Why do we study the brain?
We are interested in the brain because the brain supports a remarkable set of behavior. These behaviors define who we are. And it is very difficult to live without them. We want to “understand” how does the brain support these behaviors. We are especially interested in studying visually driven behavior like dynamic scene understanding.

Operationalizing the behavior of choice
So first things first — we need to coarsely identify the behavior of choice. But saying “attention”, “memory”, “object perception” etc. won’t do. To figure out whether our “understanding” is real, we will need to operationalize these behaviors in terms of objective behavioral tasks where human performance at different granularities can be measured by doing experiments. The next goal is to conduct behavioral experiments to measure this behavior in humans (we are ultimately interested in human visual cognition). Once we have defined the behavior and measured it — we are in good shape!
Choice of animal model
Choice of animal model: To successfully probe the neural mechanisms of human visual intelligence, we need an appropriate animal model that meets three essential criteria. First, to interchangeably test a variety of stimuli and tasks between the animal model and human subjects, the animals should achieve human-like performance in visuocognitive tasks. Second, it should be possible to conduct fine-grain (single neuron level) measurements and targeted causal perturbations to interrogate neural circuits and test specific hypotheses. Third, inferences made on the animals’ neural mechanisms should be relevant for humans due to established similarities in brain areas and behavior. The rhesus macaque (with its ventral visual cortex that supports human-like object and face processing) is a remarkable example that meets all these criteria – and therefore is our animal model of choice.
How does the brain support the specific behaviors?
What brain areas are causally involved in the behavior? How are the visual signals transformed in the brain and reach a form that is consistent with the measured behavior? One level of “understanding” for us will arise if we can predict the human/NHP behavior (at varied grains of measurements) from the dynamic brain activity (combined optimally across different areas; where that combination will serve as the leading decoding hypothesis). Our methods (e.g.
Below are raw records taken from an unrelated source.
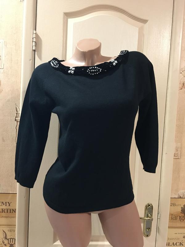Кофта відмінної якості м'яка легка тепла , комірець оксамитовий з перлами та стразами і стеклярусом, рукав 3\4 реглан від ворота 45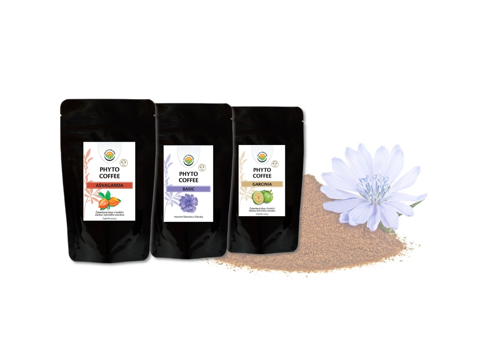 Kozlík, echinacea, vilcacora, šatavari a chanca piedra Phyto Coffee – unikátní spojení čekankové kávy a bylinných standardizovaných…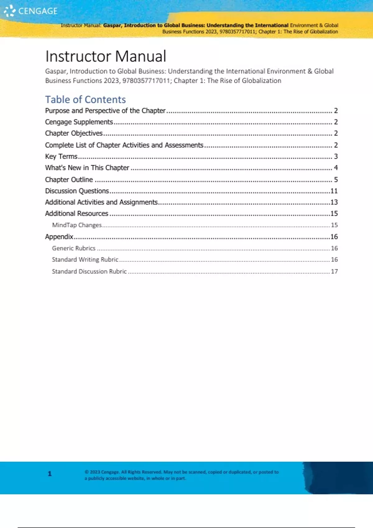 , Instructor Manual: Gaspar, Introduction to Global Business: Understanding the International Environment & Global
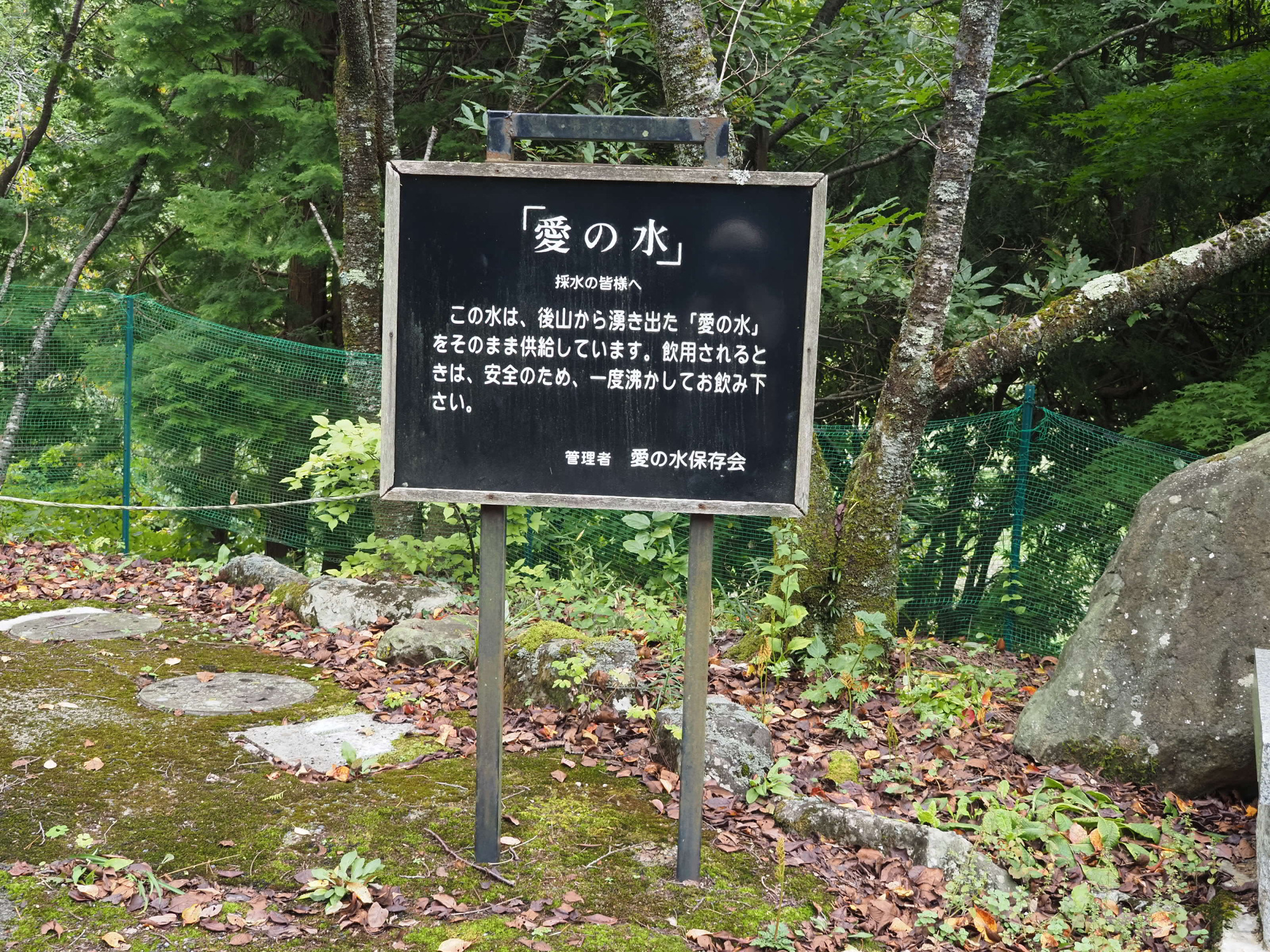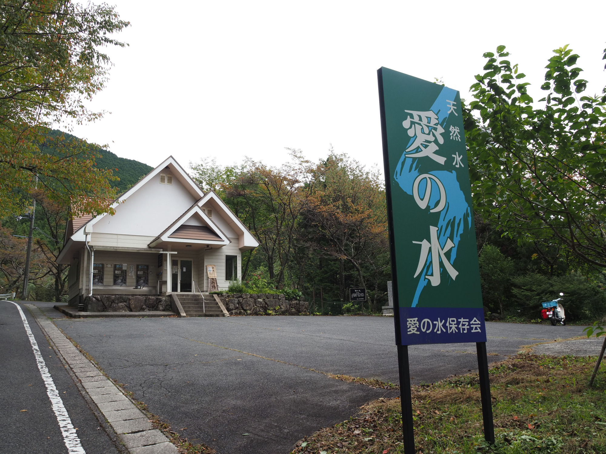 まず向かったのは「愛の水給水施設」。後山の山麓に湧き出る天然水で、県内はもちろん、遠く関西からも多くの人がこの水を求めて訪れるという名水スポットです。20リットル100円で持ち帰ることもできます。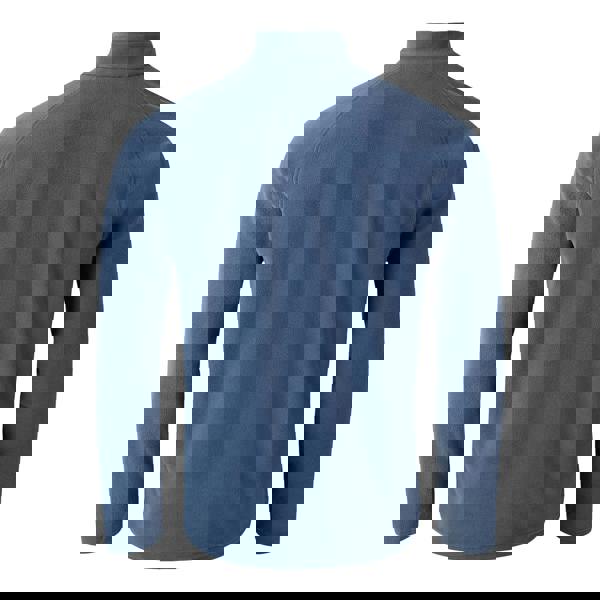 A half-zip fastening allows quick adjustment, while the chin guard and zip guard add practical detail at the neckline. Finished in blue indigo, it suits everyday casual wear when you want lightweight warmth without bulk.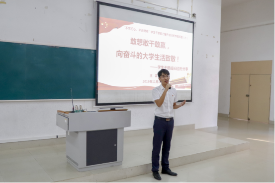 “敢想敢干敢赢,向奋斗的大学生活致敬。”校友王霖分享了他担任学生干部的成长经历。两次参加创业竞赛挑战杯的经历,更好的锻炼了他的能力,也使他明白了敢于表现,才能被发现。他告诉我们努力工作,好事自然而然会降临;相信困难并不是真实存在的,是我们想象出来的;相信努力向前,会有更好的未来。

NHP electrophysiology, in-vivo genetic technology-based probes, etc.) are all directed towards establishing those links.
Developing and utilizing models of the brain
Once we have coarsely identified the implicated brain regions, we can start building detailed encoding models of the responses in those areas. So another form of “understanding” we seek is detailed neuro-mechanistic models of the implicated brain areas (with the explicit prediction of the measured signal like spike rate) that are indistinguishable from the brain data. As it stands now, the best encoding models are being generated by folks in Artificial Intelligence (AI). We are cognizant enough that we acknowledge that and we will build on that line of work. But AI and Neuroscience have different goals. While it is likely that two systems (AI and human brain) that perform the same tasks will have some level of shared internal mechanisms, it is our responsibility as neuroscientists to not give in to the AI hype and treat all models from ML as achievements in neuroscience. Currently, in the absence of serious (non-toy), predictive modeling from computational neuroscience, the models coming out of computer vision are our best bets (starting hypotheses). But the ViTA lab aims to put these models to strong tests and as well measure neural data that provides significant guard rails to transform these AI models into better models of the brain. While all this fun modeling endeavors are being pursued — one might ask: What do you get out of building these complex models to seek understanding of a system? It sure doesn’t meet the interpretability criteria for many — so not good for an intuitive understanding… We seek to build these detailed computational models so that we can use them to reverse engineer solutions for neurological disorders.